The judge, who described Wijayanto as being educated, knowledgeable and have good communication skills, stressed that JI was banned by the Indonesian government.

The JI network, which is affiliated to terror group Al-Qaeda, was behind the most deadly terror attack in the country – the Bali bombings in 2002 which killed more than 200 people, many of whom were foreigners.

Prosecutors said Wijayanto, who is also known as Abu Faiz, sent two fellow militants, Patria and Askary, to Syria in 2012 to establish contact with the Free Syrian Army and Jabhat al-Nusra, a terror organisation fighting government forces in the Syrian civil war.

Both militants were tasked with evaluating and mapping out possible routes for other Indonesian militants to travel to Syria. It is not known how many Indonesian militants were eventually sent to the war-torn country.

The objective, said prosecutors, was for those militants to eventually return to Indonesia and use their battle experience to establish an Islamic state at home.

“The defendant . . . had wished to proclaim an Islamic state based on syariah law in a region where the people accept Islam as the national principle . . . and to expand the territory worldwide . . . and to free any country under the control of infidels,” the indictment read. “With such a plan, JI would some day want to create chaos in Indonesia that would, in turn, induce fear and insecurity among the general public.”

Police believe the JI has been reconstituted and are calling it “Neo-JI” as it goes about recruiting members to achieve its aim of setting up a caliphate in Indonesia, former police spokesman Dedi Prasetyo said last year.
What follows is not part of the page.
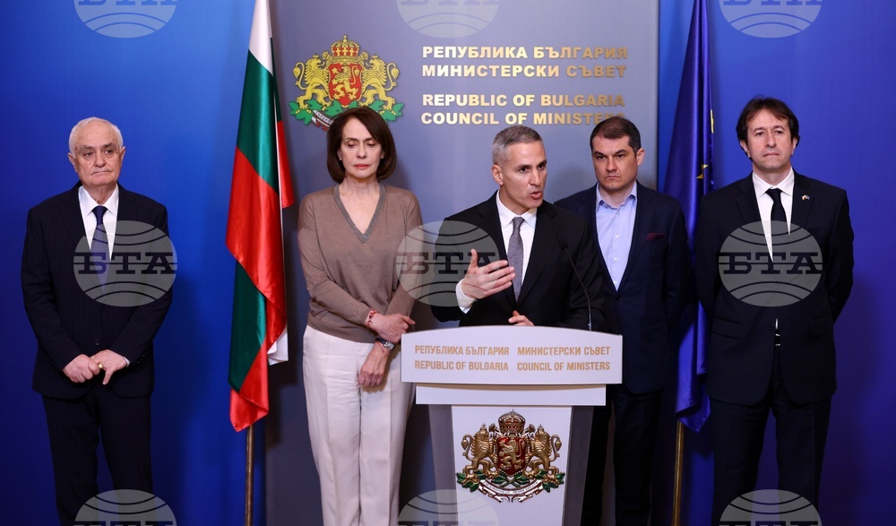 министър-председател Андрей Гюров по време на брифинг в Министерски съвет.

Security agencies say the original JI was decimated in Indonesia following a series of operations, but counter-terrorism experts have warned that young militants are continuing to be recruited and the terror network may have expanded in the country to a 2,000-strong force. The “Neo-JI” term was coined by the police to describe this new threat.

Under Wijayanto’s leadership, JI was active in courting local clerics and was setting up Islamic boarding schools. It was also running businesses to raise funds while providing entrepreneurship training for members.